There are suspension changes too. Up front are unadjustable USD forks, and boingers on both ends are by Showa. At the rear there’s evidently 90mm of travel, something bobbers generally lack, while the engine is said to be retuned specifically for the bobber experience.
Learner legal
The Shotgun is also LAMS approved. It makes 35kW of power but it’s the 52Nm of torque available at real-world everyday revs that make this such an easygoing, fun and pacey ride. It will comfortably mooch round town in sixth gear at 50km/h and then roll on without hesitation. Moreover, it sounds good, authoritative, which is a Royal Enfield trait.
Getting underway is no hardship with a lowish first gear and the shifts are lightweight, fluid, aided by levers that are handspan adjustable. Clutch weight is pretty good, though by the end of the day we were slotting neutral at the lights, easy enough to find, to give the left arm a break.
There’s no rev counter and while it’s not really needed, Royal Enfield could have added one to the odo/trip meter like Harley does. Nevertheless, with so much torque available down low, short shifting comes naturally.
The torque peak arrives around the 100km/h mark in top gear, which simplifies things for overtaking. While it’s no rocket, nor is it wanting for performance.
And it proves very relaxed at open road speeds, in terms of how the engine feels and the suspension acts. Vibes are well contained too.
Good Enough brakes and suspension
Slowing the show up front is an axial-mount two-piston Bybre caliper acting on a single 320mm disc, but then at the price you’d not expect a twin-disc set up. The rear unit is strong, a twin-piston caliper gripping a 300mm disc.
Mention of price, the (Sheet Metal) grey-coloured example kicks things off at $11,990 while the most expensive three-tone stencil white version costs $12,390. That’s an impressive amount of bike for not a huge outlay. And it includes a three-year unlimited kay warranty. The Super Meteor by comparison kicks off at $12,490.

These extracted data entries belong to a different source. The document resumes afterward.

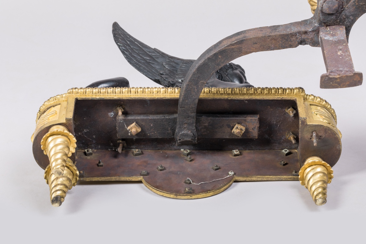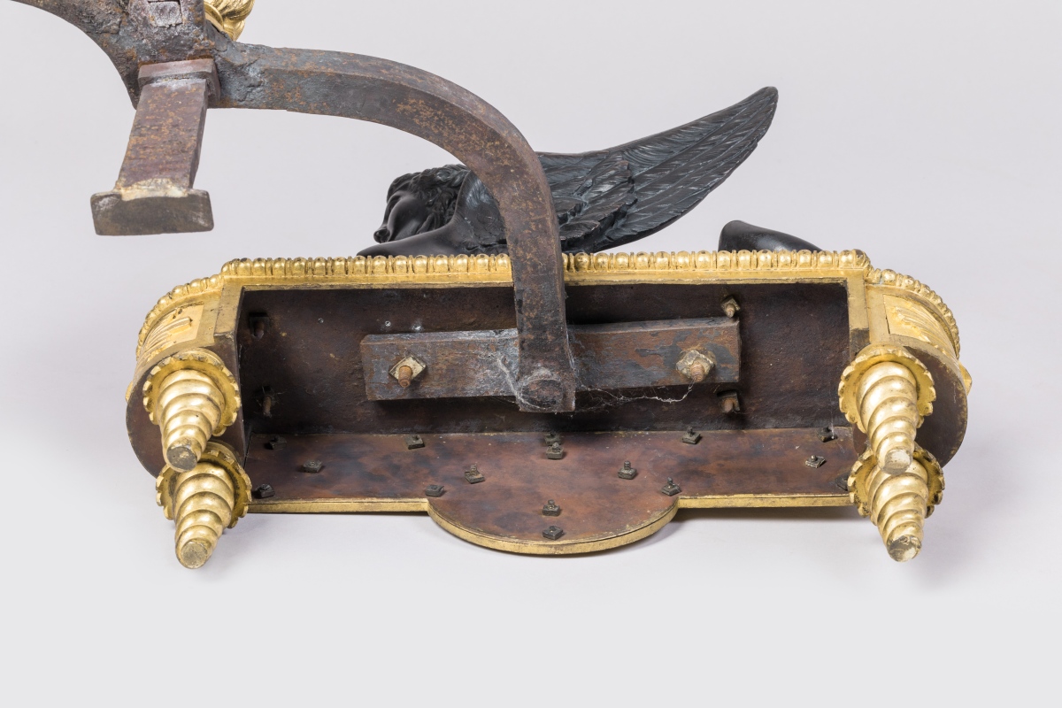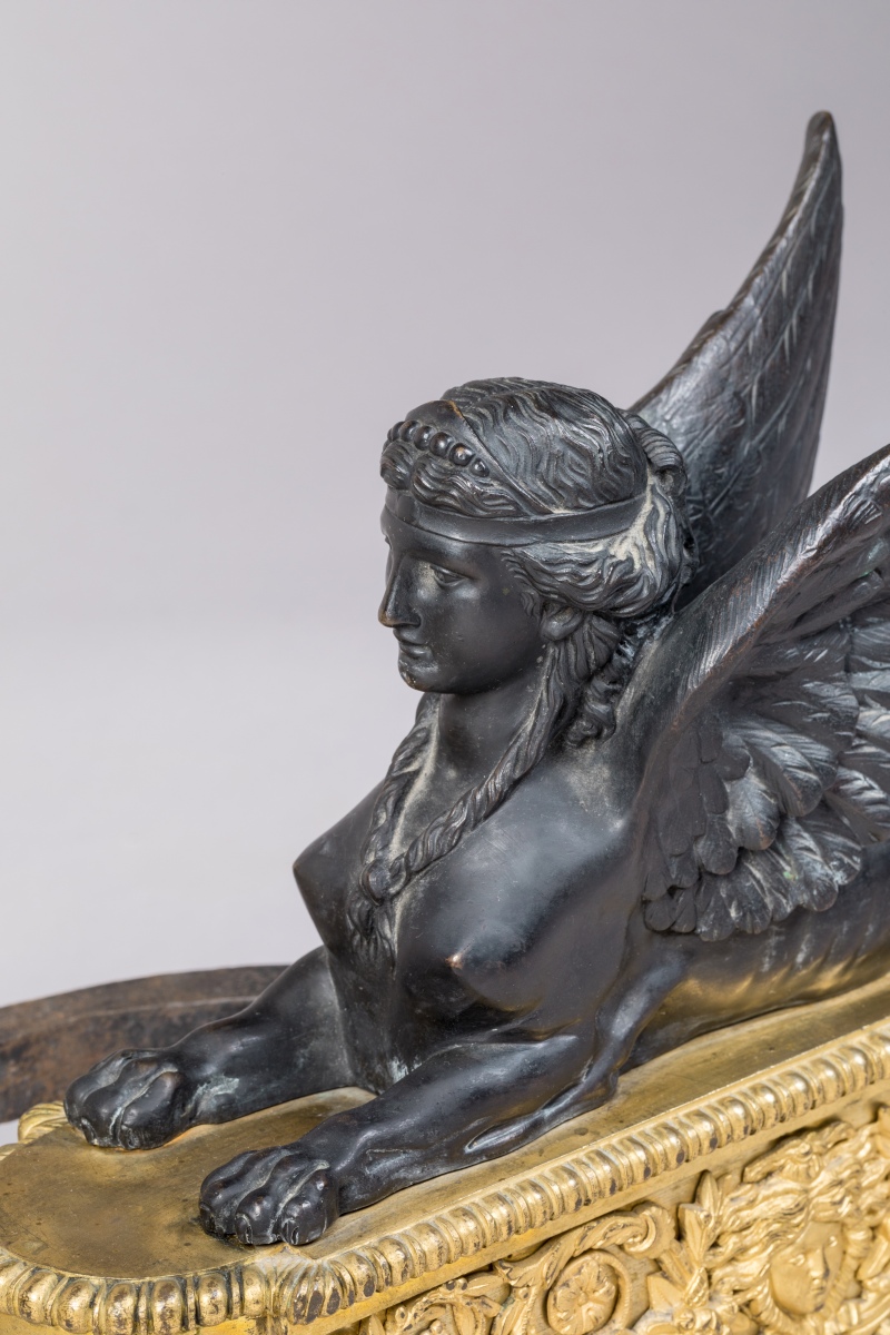 en bronze ciselé, doré et patiné. Les sphinges, en bronze patiné noir, se tiennent couchées sur une base de forme oblongue en bronze doré. Cette dernière est, sur le devant, appliquée d'un masque d'Apollon flanqué de lauriers inscrits dans des rinceaux et, sur les côtés, d'une étoile rayonnante. Ils reposent sur quatre pieds fuselés ornés de godrons torsadés. Les fers à flammes quadripodes sont enrichis d'une urne couverte et d'une flamme, et appliqués d'un motif floral retenu par un ruban noué.
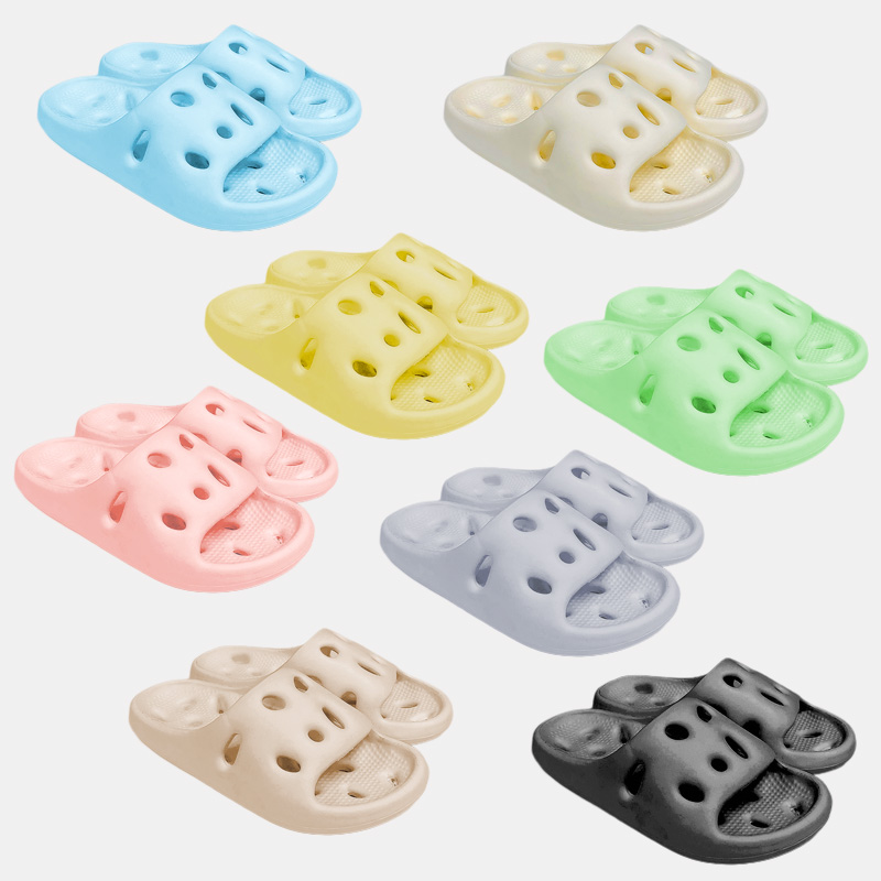 Running production bathroom swimming pool EVA slides slippers for men and women. The min order quantity 3,000 pairs per color and 1*40HQ per order. Custom colors available as buyer's request.
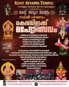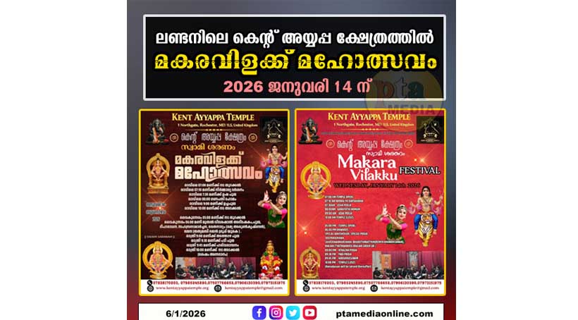 റോച്ചസ്റ്റർ, കെന്റ്: ഇംഗ്ലണ്ടിലെ കെന്റ് അയ്യപ്പ ക്ഷേത്രത്തിൽ 2026 ജനുവരി 14-ാം തീയതി (ബുധനാഴ്ച) മകരവിളക്ക് മഹോത്സവം ഭക്ത്യാദരപൂർവം ആഘോഷിക്കുന്നു. അയ്യപ്പ ഭക്തർക്കായി സമ്പൂർണമായ പൂജാ-ആചാരങ്ങളും സാംസ്കാരിക പരിപാടികളും സംഘടിപ്പിച്ചിരിക്കുന്നു.
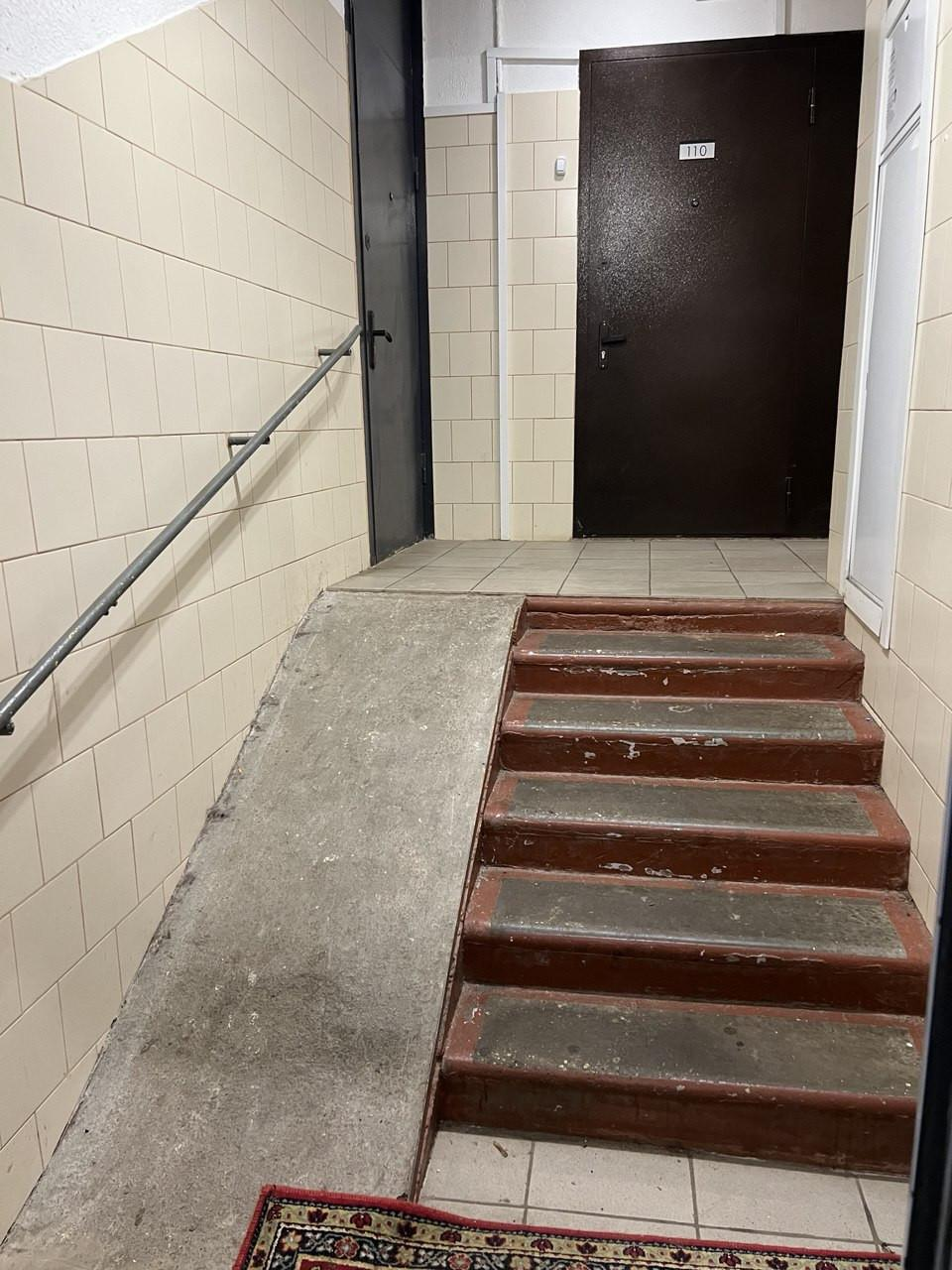 Дом в хорошем состоянии, подъезд отремонтирован, оборудован пассажирским лифтом и мусоропроводом, что делает проживание более удобным. В подъезде есть пандус для колясок.

Price isn’t the most impressive aspect though. This is a scene stealer and the look alone will sell many. It’s better for singles mind you, given the dual seat aesthetics, but then bikes are often owned and ridden by lone-wolf types. If the wolf takes on a partner, there’s always the additional pew available, not that it looks all that comfy.
Whereas the single seat genuinely is plush. That’s perhaps in part because the riding triangle is so well sorted. This has different suspension geometry to the SM, the forks more upright, the wheelbase shortened, with wide low bars for leverage and mid-mount pegs.

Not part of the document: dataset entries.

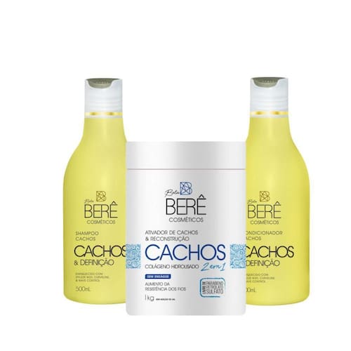 Kit Bela Berê CACHOS Shamp Condic Ativador Reconstrução 1kg Kit Bela Berê CACHOS Shamp Condic Ativador Reconstrução 1kg Este Kit Contêm:- bela Berê - Cachos & Definição - Shampoo 500ml- bela Berê - Cachos & Definição - Condicionador 500ml- bela Berê Ativador de Cachos & Reconstrução 2X1 s/ enxague 1KG A linha Cachos e Definição da Bela Berê Cosméticos hidrata intensamente os fios, deixando-os com leveza e definição, proporciona cachos perfeitos. O Condicionador Cachos é um condicionador capilar que condiciona os fios, deixando-os hidratados e leves. Livre de parabenos, óleo mineral, sulfato, pretolato, parafina, silicone e sem adição de sal. CURVELINI é baseado na extração dos preciosos ingredientes ativos das sementes de linho dourado e contém a combinação perfeita de fibras solúveis com propriedades bioadesivas, proteínas e óleos ricos em ácidos graxos essenciais. Possui elevadas concentrações de ácidos graxos, Ômega 3 e 6 com propriedades condicionantes e emolientes e proteínas reparadoras da fibra. Wave Control é um ativo tecnológico indicado especificamente para cabelos cacheados. Tem ação reparadora que conserva os cachos naturais e repara os fios de danos externos integralmente, doando vida aos cabelos quimicamente tratados. Promove uma melhor absorção, obtendo-se dessa forma brilho, maciez e condicionamento intenso Styleze W-20, é um termopolímero catiônico, em solução aquosa, que oferece benefícios únicos e características de performance superiores quando comparamos com outros polímeros desenvolvidos para condicionamento e modelagem dos cabelos. Através de uma tecnologia patenteada o STYLEZE W-20 é a solução para as necessidades capilares em facilitar uma modelagem com duração e fixação do penteados. Proporciona condicionamento e cachos definição de cachos. O Ativador de Cachos e Reconstrução da Bela Berê Cosméticos é um creme capilar rico em Colágeno Hidrolisado que forma um filme protetor envolto aos fios deixando-os mais resistentes, além de melhorar a hidratação dos cabelos. Livre de parabeno, petrolato e sulfato, além de não ter adição de SAL. Marca: Bela berê
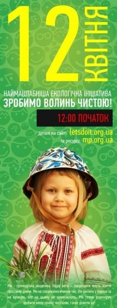 Запрошуємо свідомих еко-активістів долучитись до екологічної ініціативи «Зробимо Волинь чистою!», що є частиною Всеукраїнської акції «Зробимо Україну чистою».
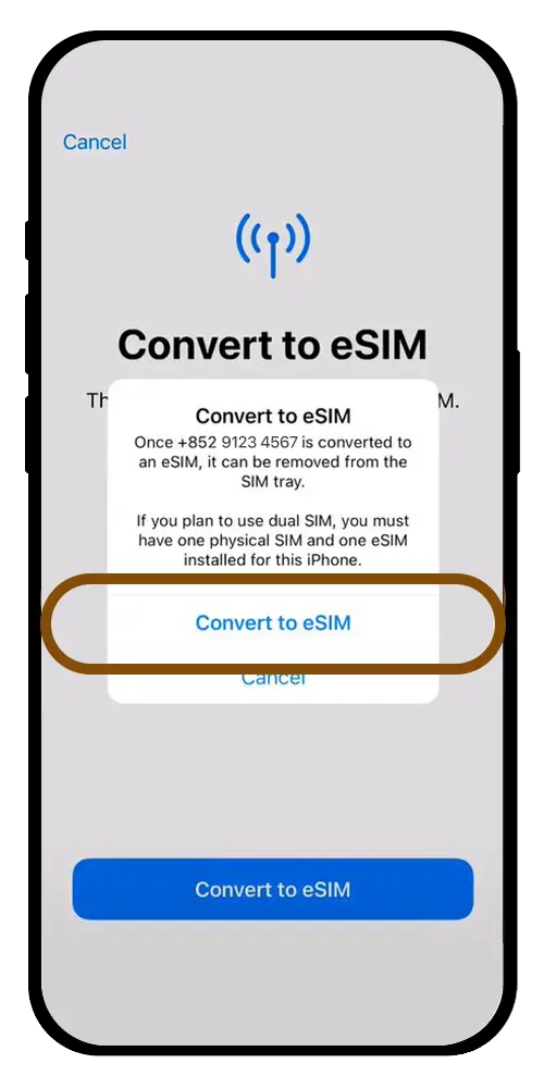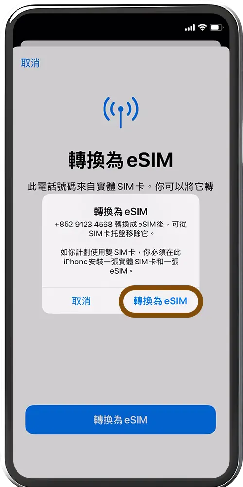 ^変換が完了すると、物理的なSIMカードはすぐに無効化されます。 SIMカードはすぐに無効化され、保管する必要はありません。
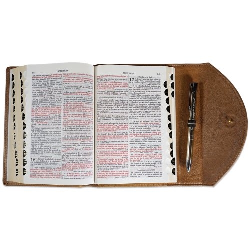 Biblia marime medie, crem, piele, inchidere clapeta cu capsa 1, margini aurii, index, cuv. lui Isus cu rosu [MAR 057 PCI]
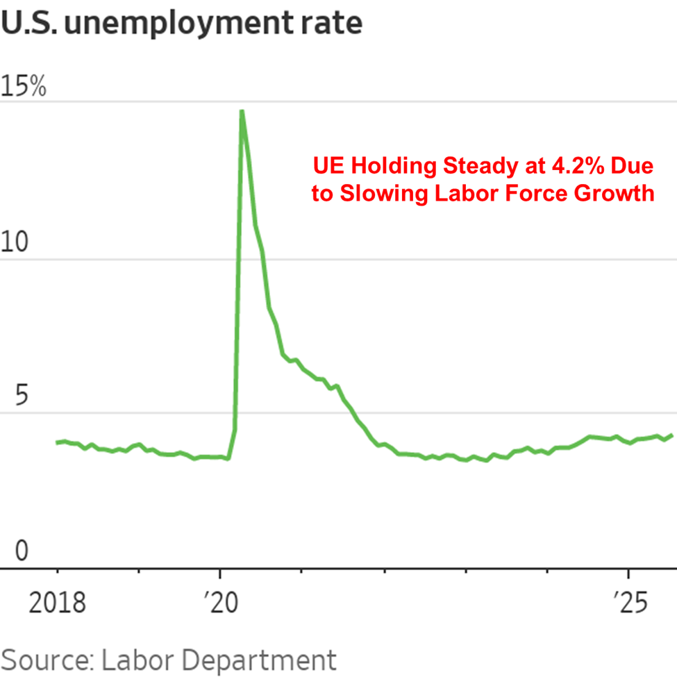 - An unemployment rate still sits at a manageable 4.2% due to slowing labor force growth, offsetting slowing jobs growth.
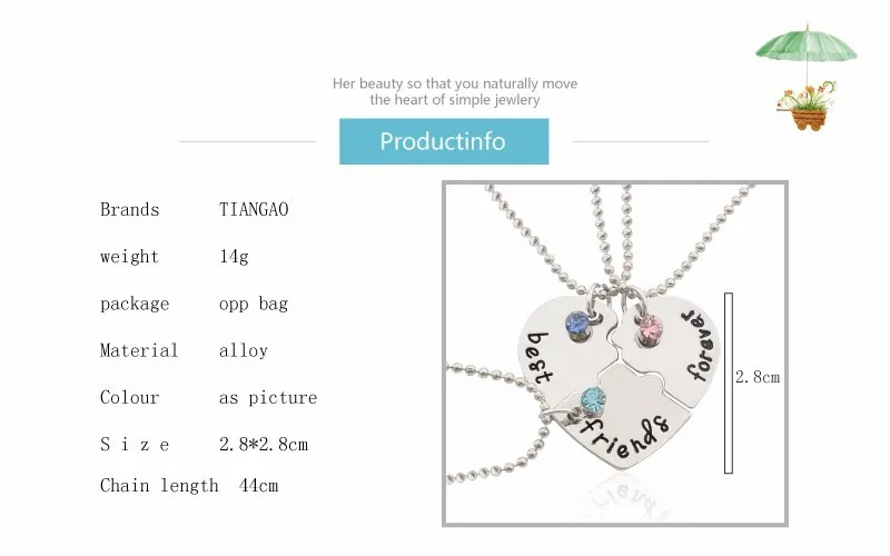 3Pcs/Set Letters Best Friends Forever Friendship Necklace Undertale 3 Colors Rhinestone BFF Friendship Necklaces & Pendants

You sit back on the SM, while you’re more atop the Shotgun, and leaning forward a smidge. Up front, where the seat meets the tank it’s quite narrow which makes for an easier standover height (the seat is set at 795mm). That way, no-one misses out.
Daylong rides no problem
We rode it for the better part of a day at the launch with a few stops and felt no twinges. Helping is rear suspension that absorbs the bumps well. It’s preload adjustable. All we rode did a swell job of keeping the tush cushioned from the bigger dips and bumps.
The front end features upside-down forks that are non adjustable but are appropriately set for a cruiser that looks like it might have something of a wild side. And this really does.
We plied some quite sinuous hill roads which this lapped up, the suspension occasionally reaching its limits over more serious road anomalies. Ground clearance impressed. On one tight 35km/h corner that was used for photography the pegs touched down in both directions, but otherwise no such issues.
It manages well on faster sweepers, even when hitting the odd bump mid-corner.
We look forward to riding this again on familiar roads, but wouldn’t be surprised if that’s delayed with shipments selling out. It’s genuinely that good.
This story first appeared in the July 2024 issue of NZ Autocar magazine.